Her and her also non-technical cofounder tried building their site through webflow, but couldn't get any real functionality working. They asked me to "just hook up a booking calendar". I made my first mistake here by dumping webflow and rebuilding them an mvp from scratch in React, and spending all my spare time for the next 3 months building out stripe/sendgrid/twilio integrations, admin dashboards, and redoing the landing page 3 times. All this time I was working (for free) under the assumption that either: a) my gf would get tired of not having income and get a real job, or b) they'd do some kind of soft launch, get a few customers, find some funding, and hire their own developer.
But neither has happened so a month ago I quit. No matter what I added they wouldn't ship anything, they just keep asking for "one more change". Since quitting I've been much happier to have my free time back, but the poor bastard they found to replace me is a python dev and gave up on doing react so now they've come back asking for just 1 more set of updates so they can finally launch, get investors, and have him rewrite the whole thing in Python.

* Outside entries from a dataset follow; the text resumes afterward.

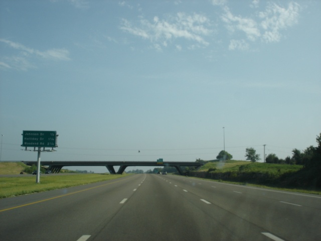 next three exits on Interstate 435 North are Johnson Drive (Exit 6C) in 1/2 mile, Holliday Drive (Exit 8A) in 1 1/4 mile, and Woodend Road (Exit 8B) in 2 1/4 miles. (Photo taken 5/22/05) |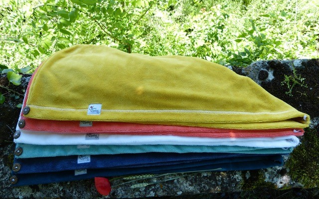 Serviette de tête pour enrouler vos cheveux après avoir mis le masque et soigneusement démêlé les cheveux afin que le produit agisse et répare la structure du cheveu. Serviette en fibre de bambou, produit écologique et fabriqué en France. Explications d’utilisation de la serviette sur l’emballage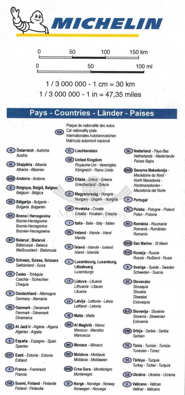 Składana, dwustronna mapa samochodowa Europy w skali 1:3 000 000 wydawnictwa Michelin.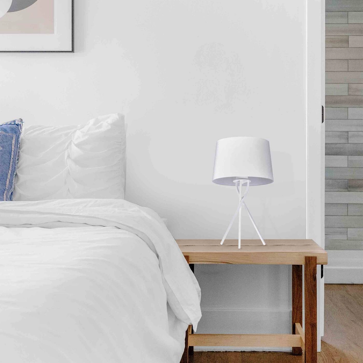 Ta niewielkiej budowy lampka (43 x 26 cm) została wyposażona w uniwersalnej budowy abażur, który obleczono wytrzymałym materiałem z włókna sztucznego. Klosz o wymiarach 26 x 16 cm tłumi światło sprawiając, że jego wiązki padają rozproszone w górę oraz w dół, dzięki czemu nie mamy mocno nasilonego światła na wysokości oczu.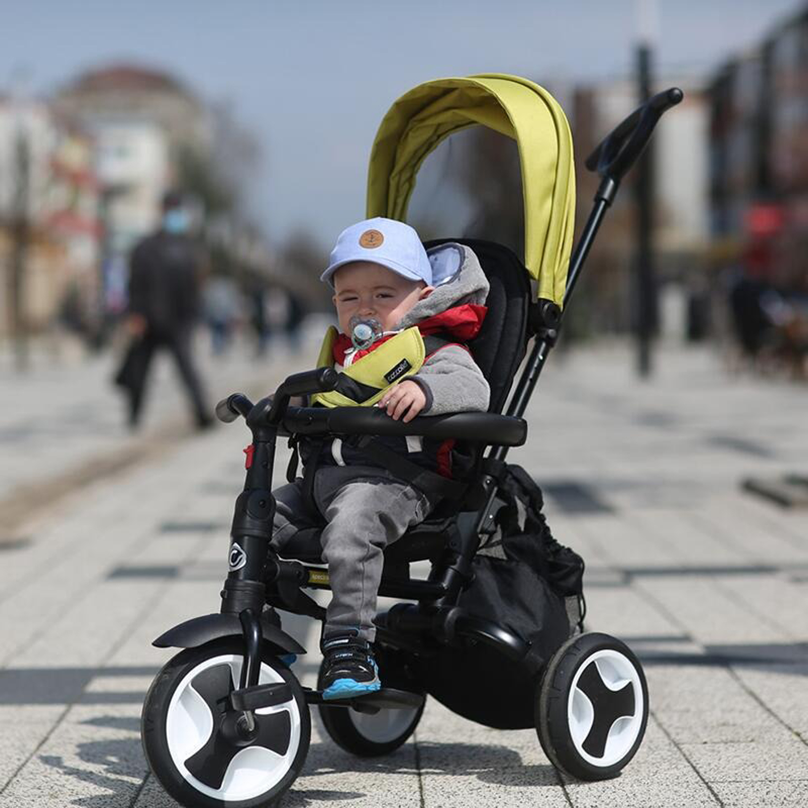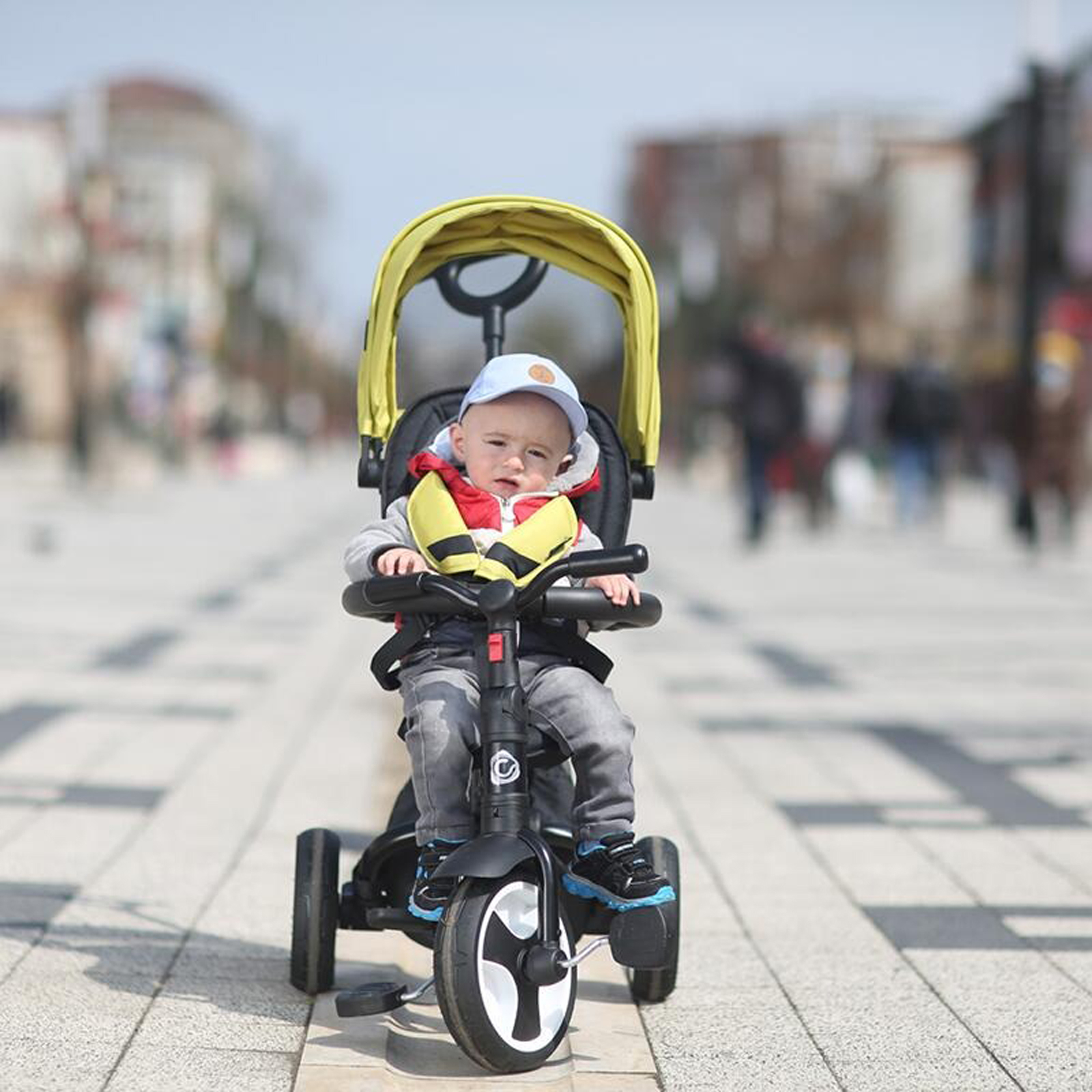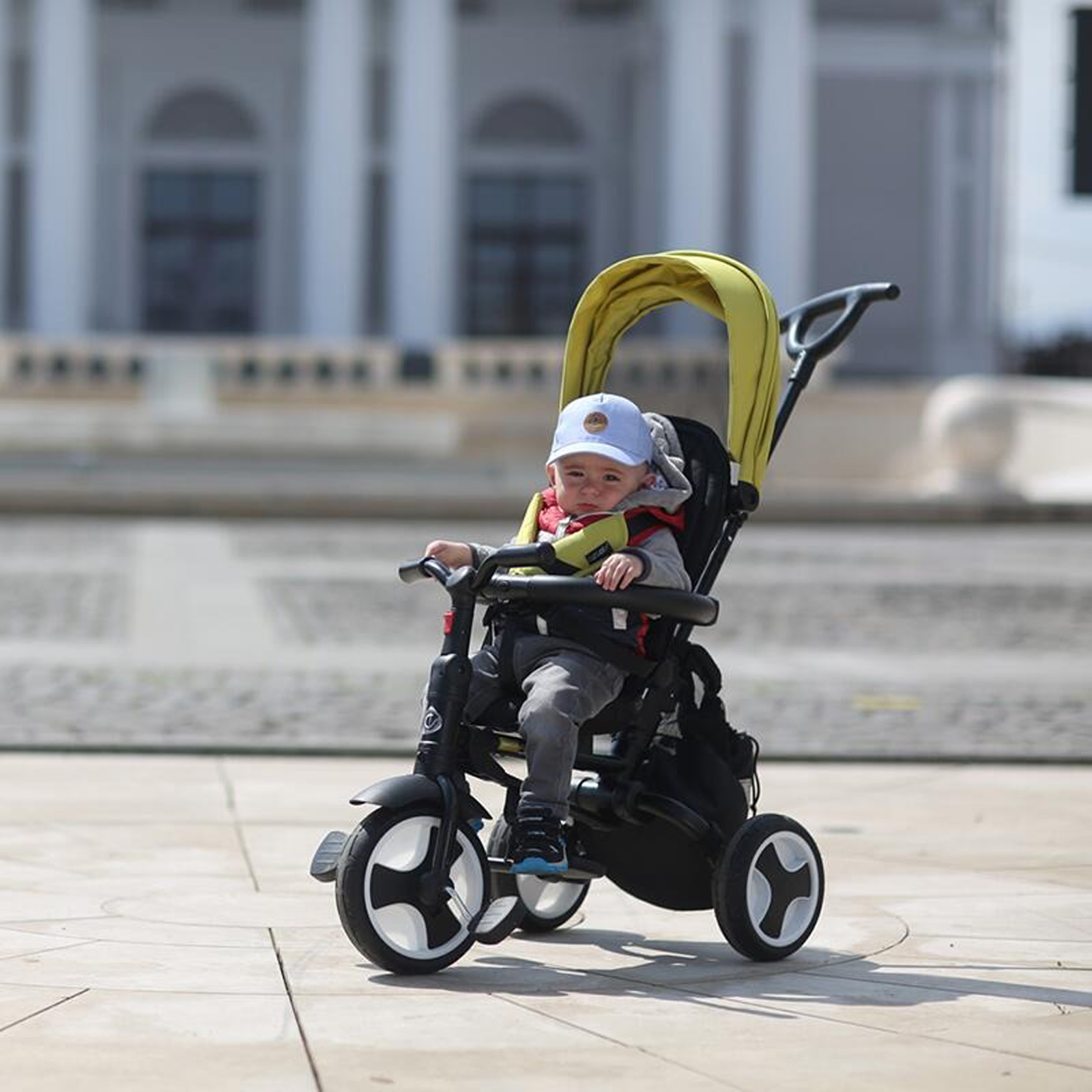 Pentru a spori confortul copilasilor, dar a si prelungi timpul petrecut afara, tricicleta este conceputa pentru a oferi o pozitie comoda de somn atat pentru utilizarea cu fata la sensul de mers, cat si cu spatele intrucat ghidonul se pliaza si confera inca un grad de inclinare spatarului. Dotata cu centura de siguranta in 5 puncte, produsul ofera siguranta necesara in oricare stadiu al utilizarii acestuia.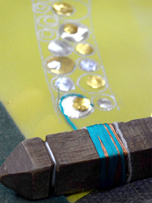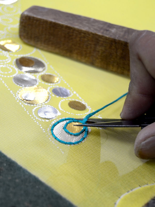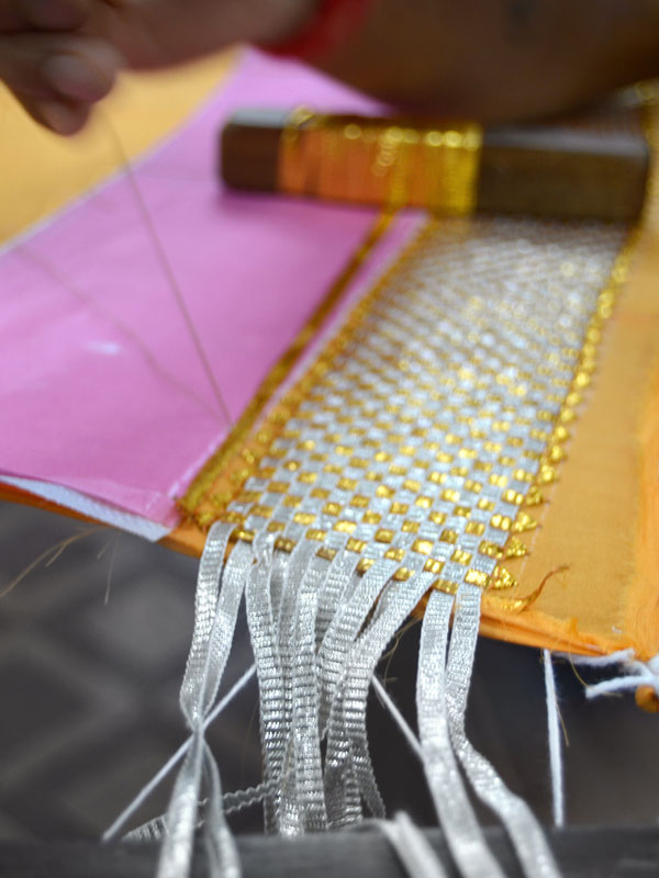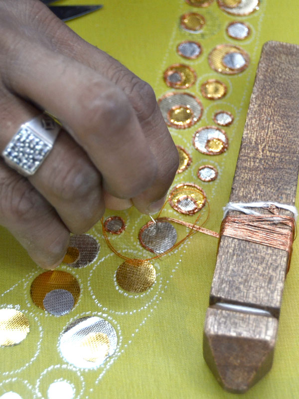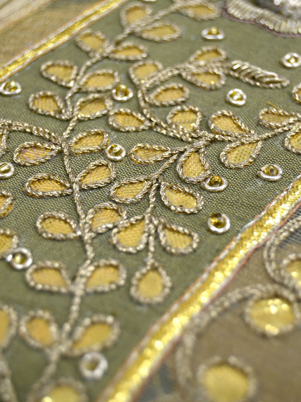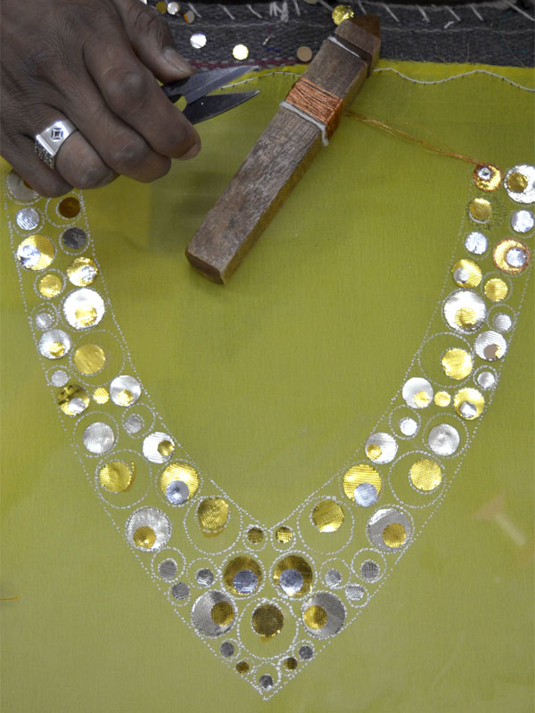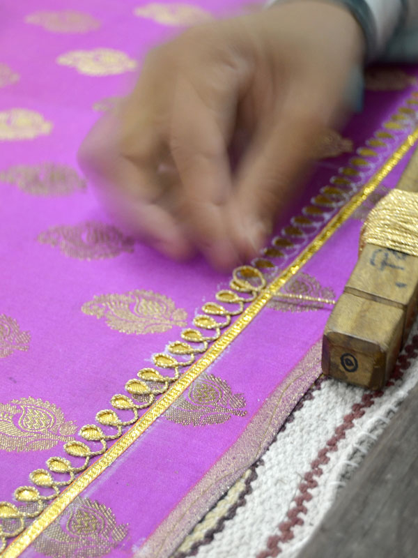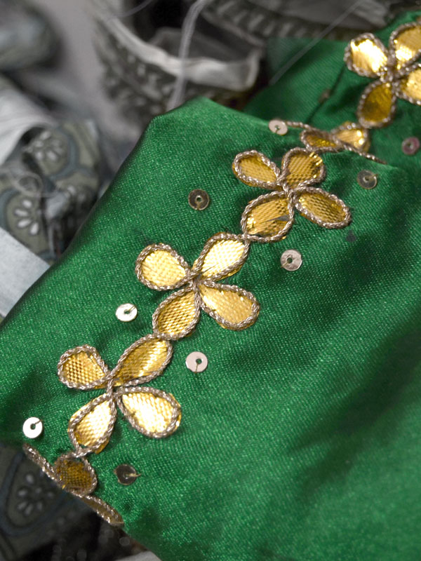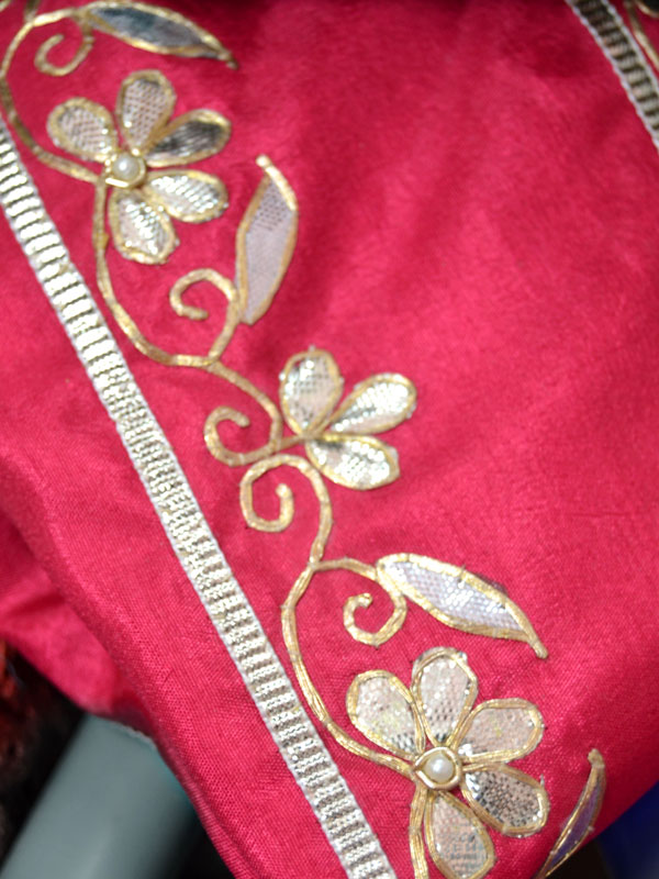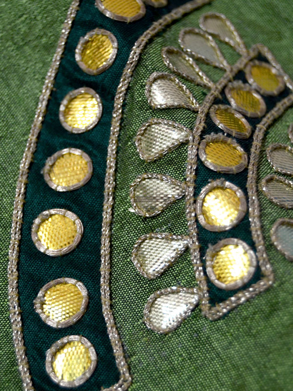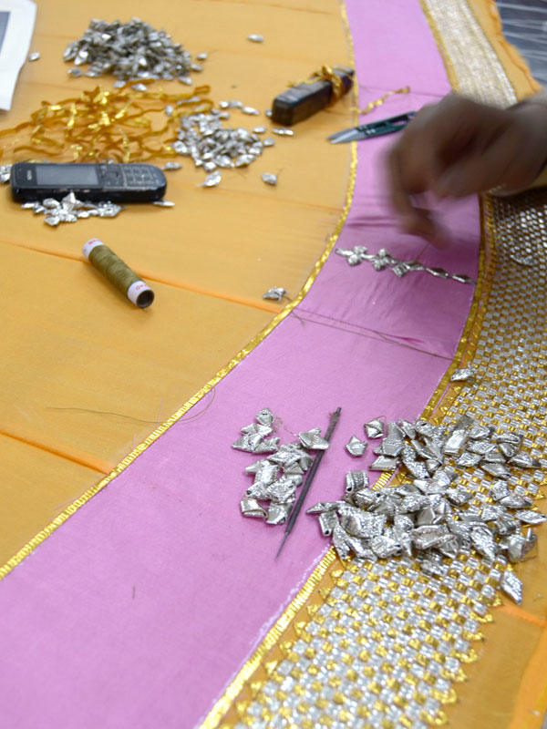 ‘Takaayi’ is the process of stitching Gota on the fabric. Gota is woven on power looms and consists of cotton (warp) and a metal (weft). ‘Gotapatti’ is actually the cutting and folding of these tapes into basic rhomboid units, referred to as patti or leaves, and combining them to create elaborate motifs that include peacocks, paisleys, flowers, geometric patterns and elephants. Pieces of Gota are first stuck with fabric-glue and then appliquéd using running, back, hem or couching stitch. For a simpler effect, Gota strips may also be stitched in a simple line. A wide variety of threads like cotton, silk, metal etc. are used to create outlines of these shapes, adding a dash of color and enhancing their beauty.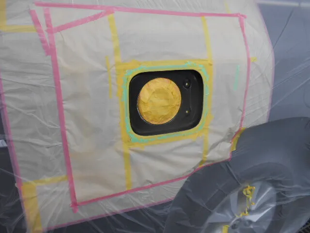 今回ご依頼いただいたのは、右リヤフェンダーの修正とフューエルフィラオープンリッド交換塗装修理。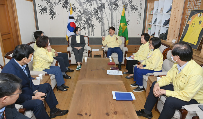 [대구=세계타임즈 한성국 기자] 달서구에 지역구를 둔 대구시의회 송영헌 의원 등 6명은 24일(금) 오후 4시에 대구시장을 예방하여 간담회를 갖고, 정부에서 추진 중인 대구산업선의 호림역 추가 설치를 강력히 촉구하는 내용을 건의했다.

The thing is, they aren't serious people. They're freaking out over the landing page background color, but neither of them have ever logged into the stripe dashboard to see what the transaction flow and checkout process will look like. And I know for a fact that "one more thing" just leads to "one more thing".
So my situation now is that my girlfriend is/was great, we're actually engaged, and besides these last few months she's been wonderful. But this whole process makes me resent her lack of respect for my time (I have an actual job). It's also made me seriously question her judgement for leaving $200k+ salaries on the table so that her and her cofounder can rub their last two brain cells together trying to get this thing off the ground. Unfortunately for me, she's so successful that she has the savings to pay her bills, but she doesn't have the common sense to see that this is making me hate her. (yes, I communicated a kinder version of this to her when I quit the first time).
I'd rather have the regret that I hung around too long, was too patient, rather than the opposite.
Just my 2c.
Every business idea I've ever had (and many ended up being successful) was shot down by the majority of people. It's easy to be the negative one. Very hard to be the positive one, but that makes it all the more worthwhile.
Also their is much more to making a product successful than engineers. Do they have deep experience in the industry they are making this product for? Do they have a strong marketing or sales person on tap. Startups are very hard, if they don't have a customer already or soon they should maybe think about doing something else.
I do hope I am wrong and they are successful but startups are very hard and burning large amounts of savings when you are young can wreck you for the next 10-15 years. Financially it is better to keep large savings when you are young and this will allow you tremendous guilt free and financially secure freedom in you 40's.